In addition to all of that, sessions tend to last a long time at Monday. And tabs tend to stay open for several days, for three and more days with a lot of interaction and a lot of dependencies between all of these components and micro-frontends. So our client-side is a sophisticated, complex piece of software running on your browser and some of its dependencies and services have been built and maintained for over than ten years with a lot of Monday developers and external developers contributing code creating this massive piece of software.
This is a real example of a selector that we have. You can see it depends on so many other selectors and each one of them may depend on so many other selectors and each one of them depends on services and utilities and a lot more files, resulting in the fact that this single selector can depend on hundreds of files.
So, what we came out to do. We wanted to break the core, the very hearts and brains of our client-side monolith and doing so while keeping some ground rules. We wanted zero production incidents. We wanted to create no behavioral changes in our application. We wanted to convert everything to TypeScript along the way and to keep the very minimal human friction in the process.
What is that Morphix that is breaking our monolith? To the average developer at Monday, Morphix is creating random pull requests at random times and sends these pull requests to them to review and merge. In this example, you can see a Slack message. Morphix sent these two developers telling them it had done a lot of work for them and now it's up to them to review and merge it.
Now how to pick the right file to extract. Just like in the Jenga game, you need to know which brick you can extract without breaking the entire tower. We don't want our product to crash. But if you ever played Jenga, you know that eventually the tower must fall. When extracting files, if you just pick a random file and you want to take it out of the monolith to extract it somewhere else, you know you can't just take it out because it has dependencies and it has other blockers that must be solved before that specific file must be handled.

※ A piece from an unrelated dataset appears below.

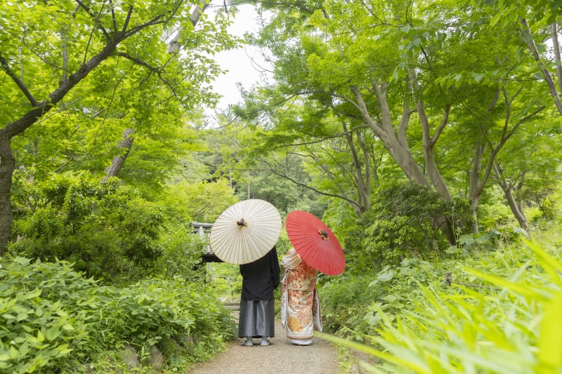 緑の中で和傘を使うととても綺麗に映えますね^^

But if we could just take out the bricks from the top of the tower, that would be much easier game to play. And eventually, for our monolith, we found how to do so. We created the Morphix analyzer which is a static deterministic tool using an AST under the hood that traverses the entire code base and builds a huge dependency tree. And its leaves are just like the top of the tower. It is free for extraction. And after the analyzer runs, we take all of the data, all of the migration data, the dependencies, complexity, and all of the other relevant data and we just threw it to a Monday board.

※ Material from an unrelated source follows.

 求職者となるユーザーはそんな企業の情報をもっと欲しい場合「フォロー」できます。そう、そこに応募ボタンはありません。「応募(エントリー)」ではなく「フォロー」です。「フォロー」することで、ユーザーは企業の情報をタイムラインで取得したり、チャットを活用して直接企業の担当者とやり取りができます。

And now, with the board, Morphix and us have clear visibility on the extraction progress, status, and order, creating an amazing human agent collaboration where human and agents are working together on the same board towards the same goal. And with this board as a sink in place, we now enable Morphix to run parallelly extracting multiple files simultaneously. So let's see how we can extract a single file, a single block out of the monolith. We just go to Claude, of course, and we say hey, Claude, please take this file out of the monolith. And as we said, we want to also convert it to TypeScript. This is what the prompt looked like, like a one-liner.